If looks could kill, Blanchett’s Schlafly could slay all her enemies with a tight smile. Show creator Dahvi Waller (previously of Mad Men, a show to which Blanchett’s beautiful costumes owe a debt) gives us all of Schlafly’s contradictions: a housewives’ leader and a full-time working mother; a clever, ambitious character happy to parade in a bikini at a beauty contest as “Mrs J Fred Schlafly”. She is twice the politician of most men she meets, yet they treat her like the secretary at meetings, asking her to take notes. At home she has little power when her husband demands conjugal rights.

Rose Byrne is Gloria Steinem in Mrs America - FX
Rose Byrne is Gloria Steinem in Mrs America - FX

Schlafly doesn’t even care much about equal rights, but is savvy enough to spot that this could be her ticket to Washington.

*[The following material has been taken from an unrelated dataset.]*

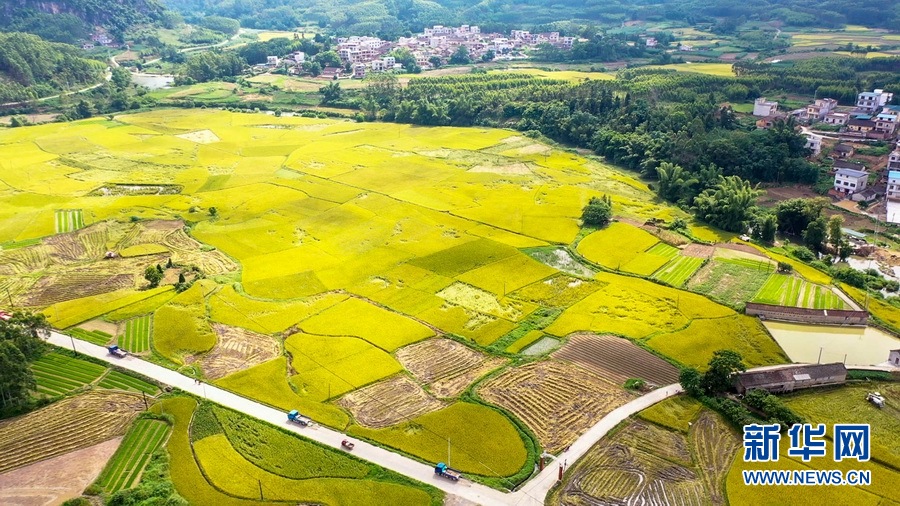 近日,在廣西柳州市魚峰區里雍鎮龍江村,各種農用機械開進場,拉開了早稻收割的序幕。一眼望去,成片的早稻在陽光下金燦燦一片,當地農民抓緊晴好天氣收獲歸倉。

The first episode is focused on her, the second on Steinem, and subsequent ones on other players. It feels too sprawling, and the characters too distant – it’s fun to spot the real-life icons in a sort of Feminist Avengers: Assemble, but we are never allowed to forget that this is Important History. The only character who cuts through emotionally is Schlafly’s muted sister-in-law, Eleanor (Jeanne Tripplehorn).

As Schlafly sows disinformation and warns that “a small, elitist group of Establishment liberals” is dominating the political landscape, the message is rammed home. This is a period drama, but very much of the present.